Excerpts from a dataset
--

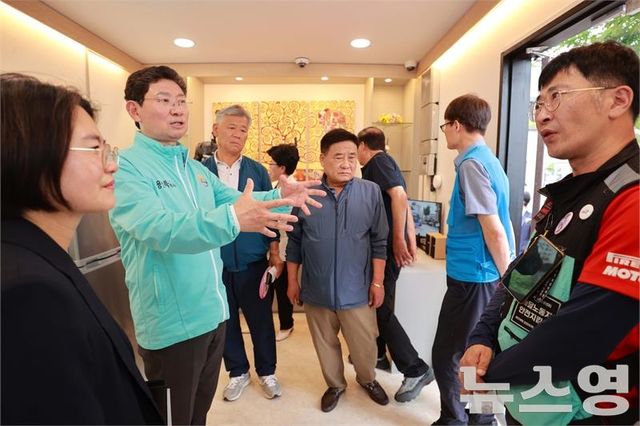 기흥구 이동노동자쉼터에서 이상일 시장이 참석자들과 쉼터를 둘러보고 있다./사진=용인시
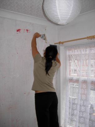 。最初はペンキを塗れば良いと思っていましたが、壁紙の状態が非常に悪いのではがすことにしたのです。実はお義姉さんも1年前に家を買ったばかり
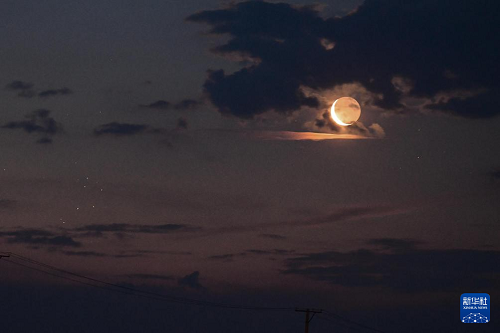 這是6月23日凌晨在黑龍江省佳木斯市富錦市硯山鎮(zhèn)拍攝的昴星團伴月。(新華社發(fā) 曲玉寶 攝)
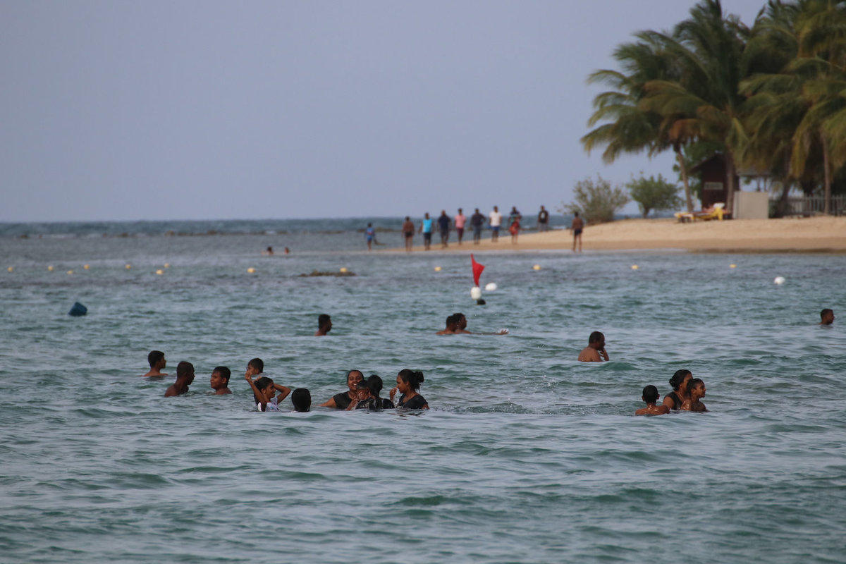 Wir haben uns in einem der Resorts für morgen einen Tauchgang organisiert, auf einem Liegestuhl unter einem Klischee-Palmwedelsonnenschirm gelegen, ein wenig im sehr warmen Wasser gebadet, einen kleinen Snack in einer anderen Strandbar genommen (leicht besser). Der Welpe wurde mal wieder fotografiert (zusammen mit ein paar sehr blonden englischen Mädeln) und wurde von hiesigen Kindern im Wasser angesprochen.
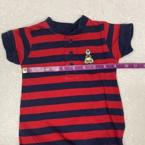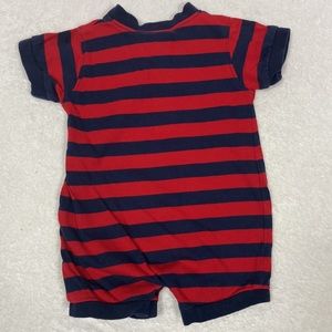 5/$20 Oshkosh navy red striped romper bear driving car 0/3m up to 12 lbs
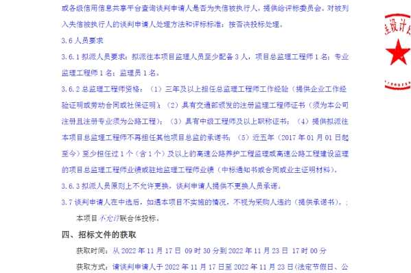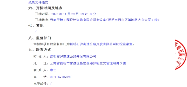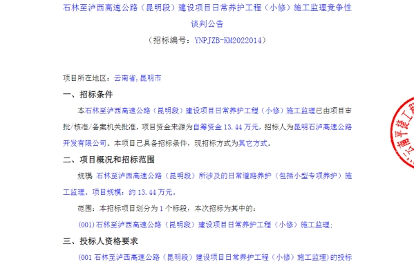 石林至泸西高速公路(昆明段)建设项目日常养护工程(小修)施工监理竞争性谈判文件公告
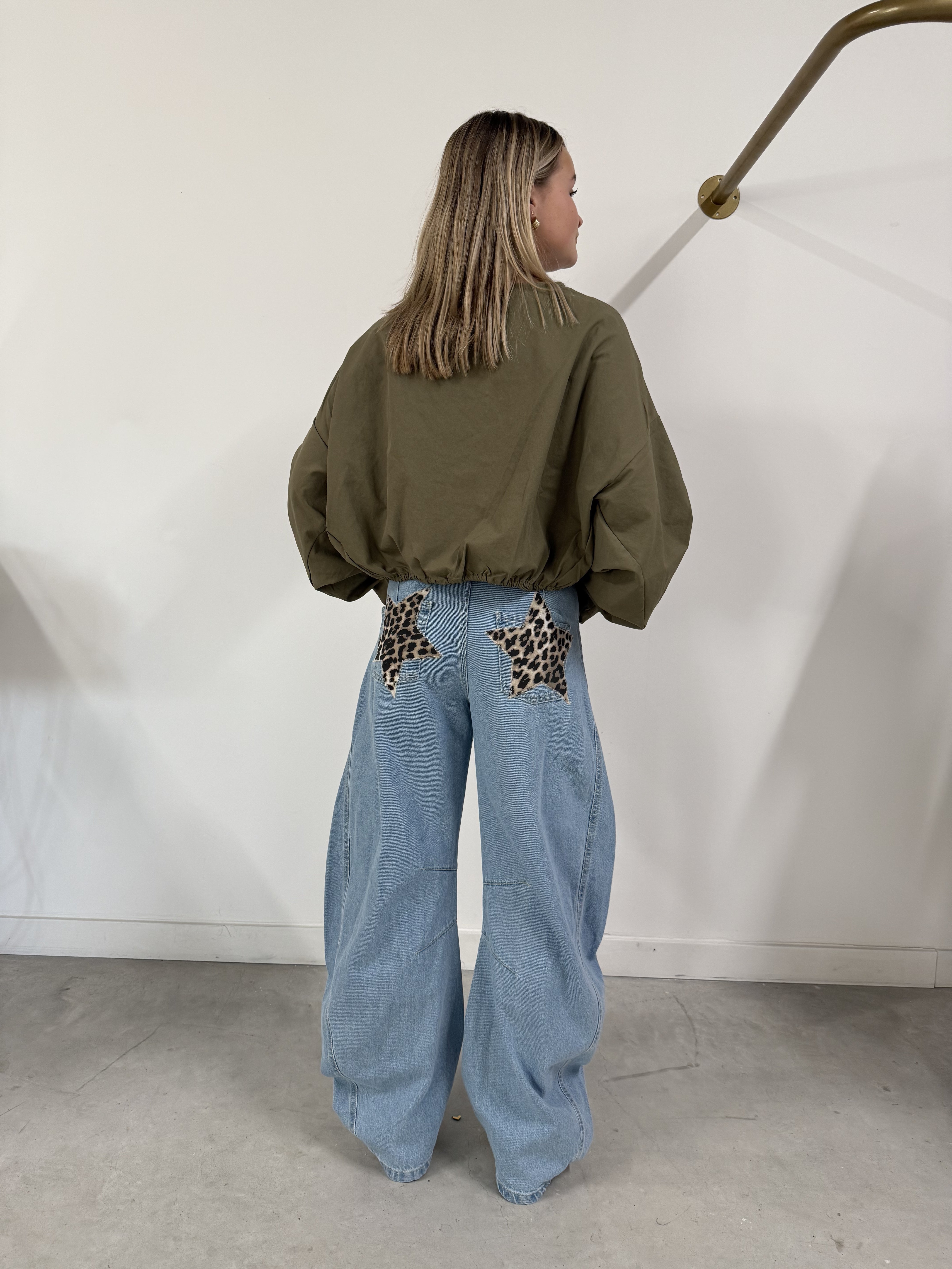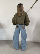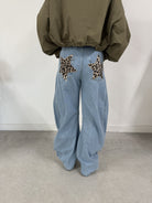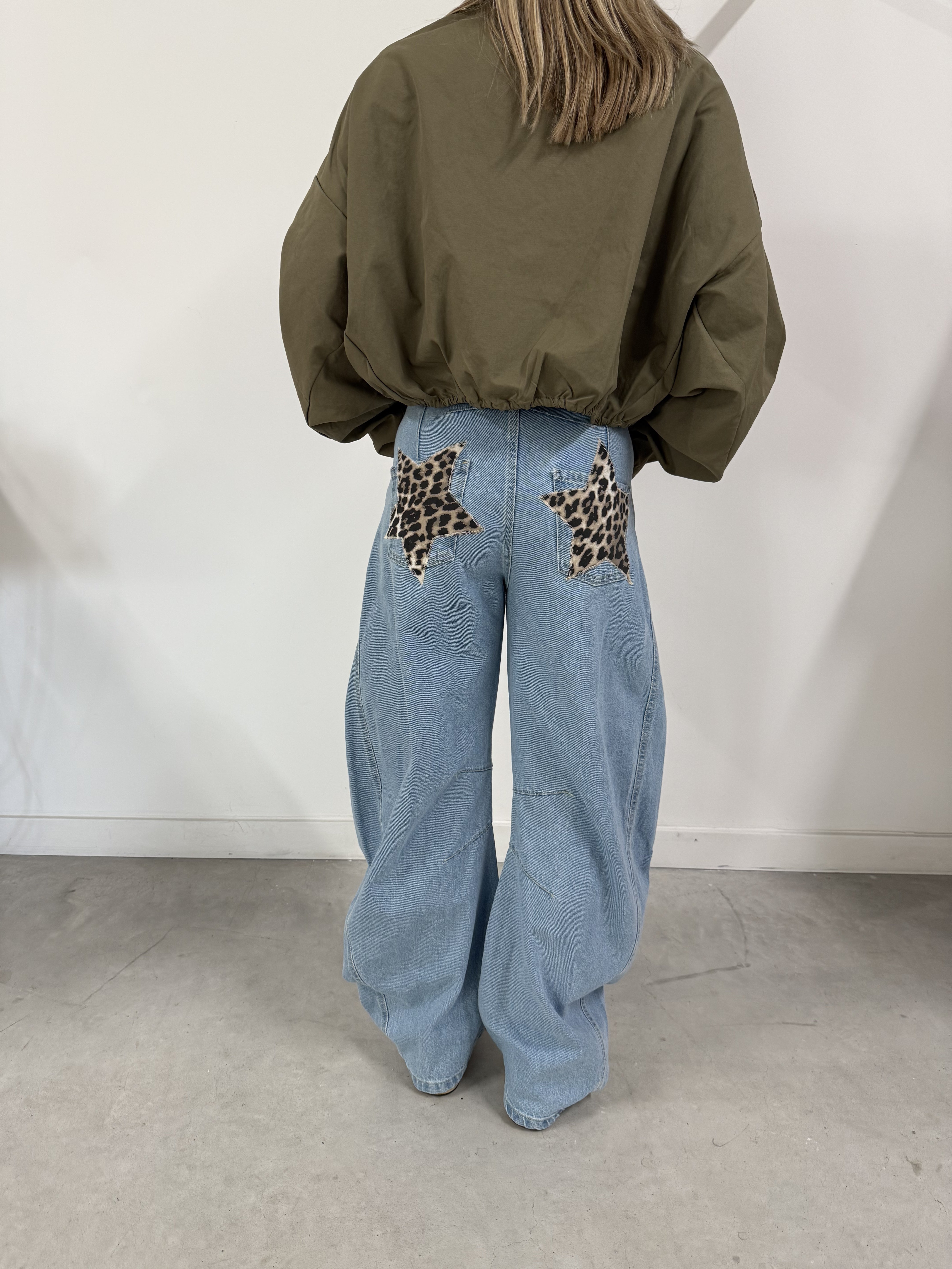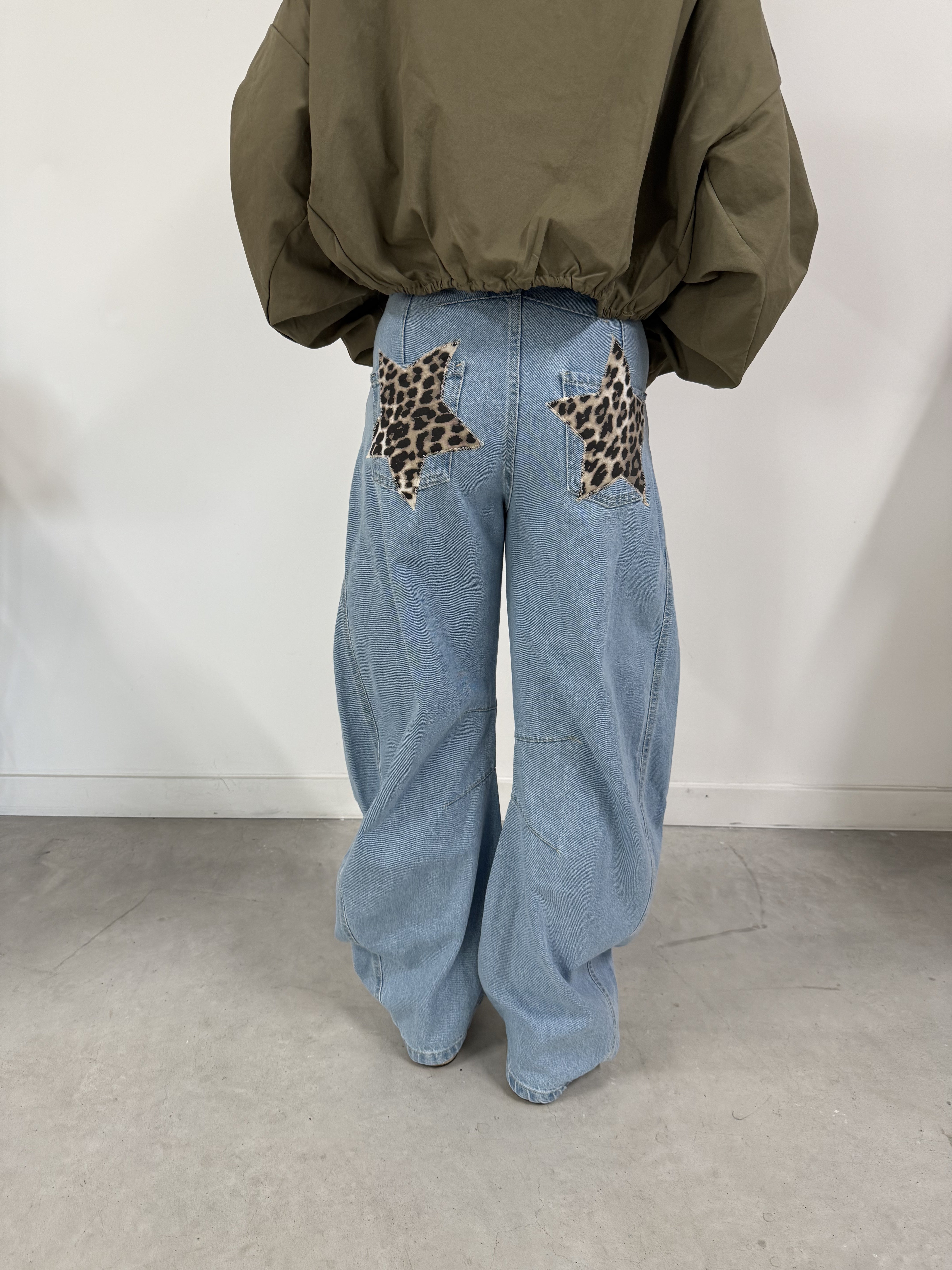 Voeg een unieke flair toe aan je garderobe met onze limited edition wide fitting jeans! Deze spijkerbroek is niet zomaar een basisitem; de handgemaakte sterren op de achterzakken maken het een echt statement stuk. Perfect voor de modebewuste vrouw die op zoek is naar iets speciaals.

--

--- EXERCISE INSTRUCTIONS ---
Repeat all the records above exactly, leaving out any pictures.

--- RESPONSE TO THIS EXERCISE ---
 기흥구 이동노동자쉼터에서 이상일 시장이 참석자들과 쉼터를 둘러보고 있다./사진=용인시
 。最初はペンキを塗れば良いと思っていましたが、壁紙の状態が非常に悪いのではがすことにしたのです。実はお義姉さんも1年前に家を買ったばかり
 這是6月23日凌晨在黑龍江省佳木斯市富錦市硯山鎮(zhèn)拍攝的昴星團伴月。(新華社發(fā) 曲玉寶 攝)
 Wir haben uns in einem der Resorts für morgen einen Tauchgang organisiert, auf einem Liegestuhl unter einem Klischee-Palmwedelsonnenschirm gelegen, ein wenig im sehr warmen Wasser gebadet, einen kleinen Snack in einer anderen Strandbar genommen (leicht besser). Der Welpe wurde mal wieder fotografiert (zusammen mit ein paar sehr blonden englischen Mädeln) und wurde von hiesigen Kindern im Wasser angesprochen.
 5/$20 Oshkosh navy red striped romper bear driving car 0/3m up to 12 lbs
 石林至泸西高速公路(昆明段)建设项目日常养护工程(小修)施工监理竞争性谈判文件公告
 Voeg een unieke flair toe aan je garderobe met onze limited edition wide fitting jeans! Deze spijkerbroek is niet zomaar een basisitem; de handgemaakte sterren op de achterzakken maken het een echt statement stuk. Perfect voor de modebewuste vrouw die op zoek is naar iets speciaals.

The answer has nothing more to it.